Cool but how do I use a large operator?

 

fractions are \frac{}{} with the top in the first parentheses, and the bottom in the second.

Click on the images of the equations to see the source:

[math]
\oint_{s}\left(\iiint\limits_{\mbox{ham}}^{\mbox{fish}^a}  
\psi^{
\left[\begin{array}{ccc}
   	\frac{a}{b}    &\partial_s&\tfrac{\partial}{\partial  \pi}\\
  	1	&2    	&3\\
       4	&5    	&6
\end{array}\right]} \;  
d\mathcal{V}\right) d\mathbf{R}\rightarrow \pm \infty = 
\sqrt{3}[/math]  

Produces

[math] \oint_{s}\left(\iiint\limits_{\mbox{ham}}^{\mbox{fish}^a} \psi^{\left[\begin{array}{ccc}\frac{a}{b}&\partial_s&\tfrac{\partial}{\partial \pi}\\1&2&3\\4&5&6\end{array}\right]} \; d\mathcal{V}\right) d\mathbf{R}\rightarrow \pm \infty = \sqrt{3}[/math]

 

Most things in LaTeX are fairly straightforward. If I don't know how to do something, 4/5 times my first guess will be correct.

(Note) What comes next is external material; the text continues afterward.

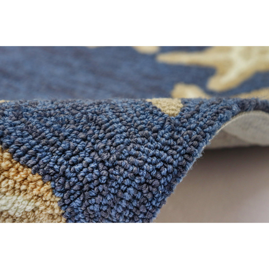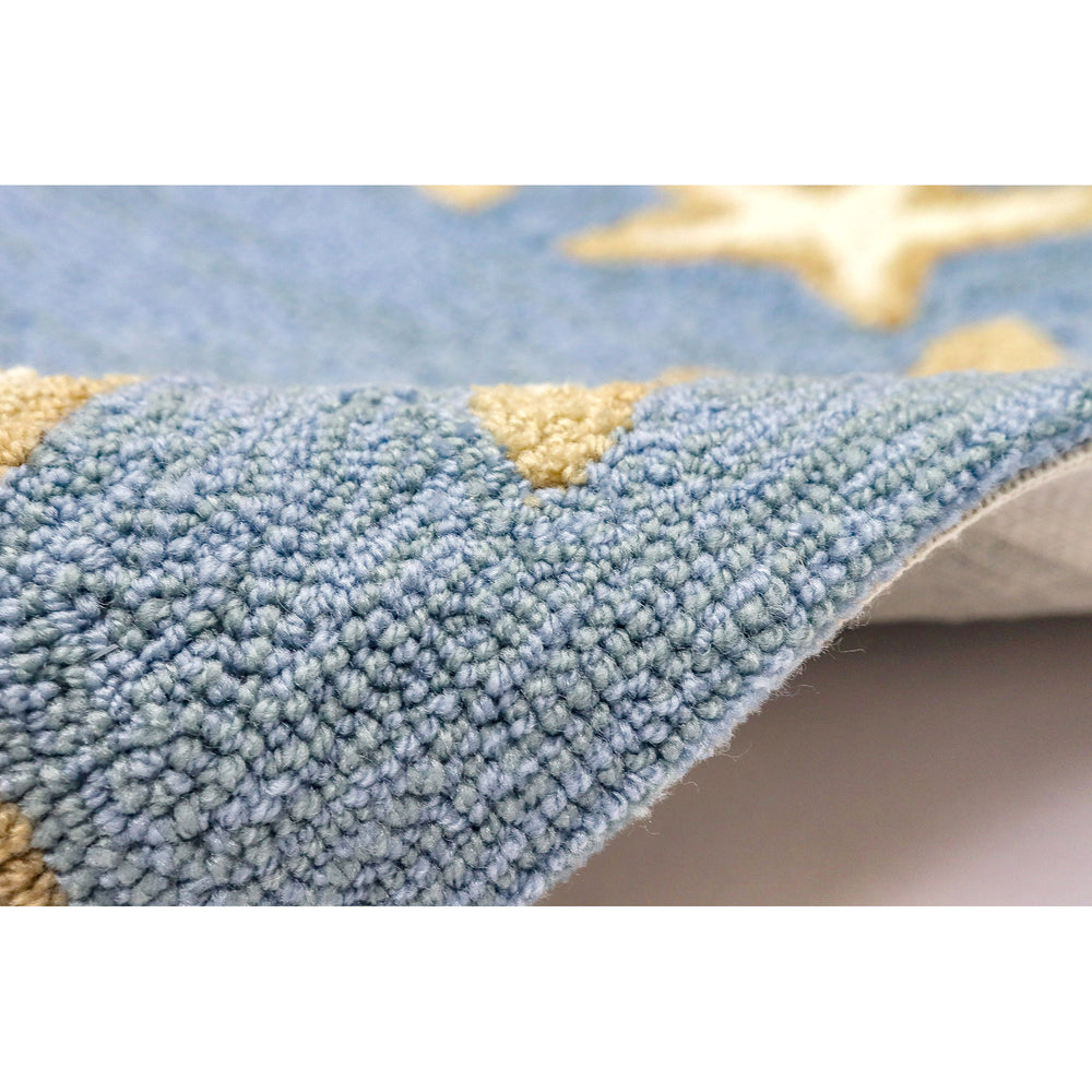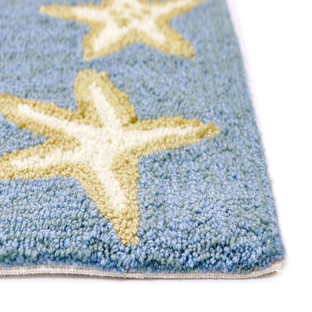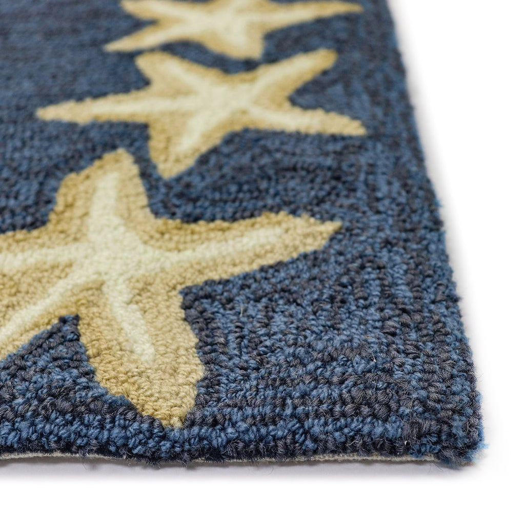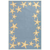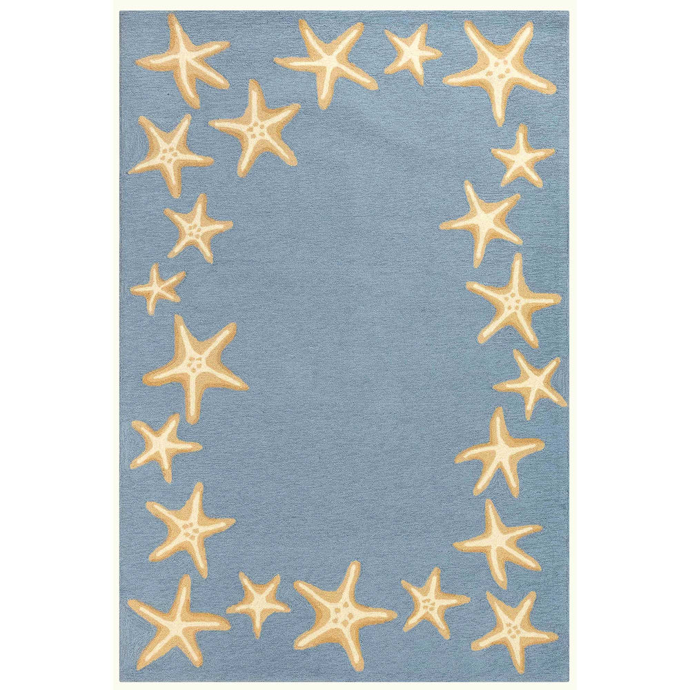 Our coastal-inspired Starfish Border rug is subtle yet adds visual appeal to your décor. The simple yet fashionable pattern lends itself well to the flatwoven nature. Hand hooked of weather-resistant fiber, this collection is a blend of comfort, softness and durability. Capri features vivid color and is treated for added fade resistance. Limiting exposure to rain, moisture and direct sun will prolong rug life.

There's a tutorial in the maths section, as well as a bunch of examples in the sandbox and maths section (remember, click the images).

The forum often eats your formatting on the raw input. So if it's really complicated, paste it elsewhere (or get used to writing horrible unformatted messy latex :D ).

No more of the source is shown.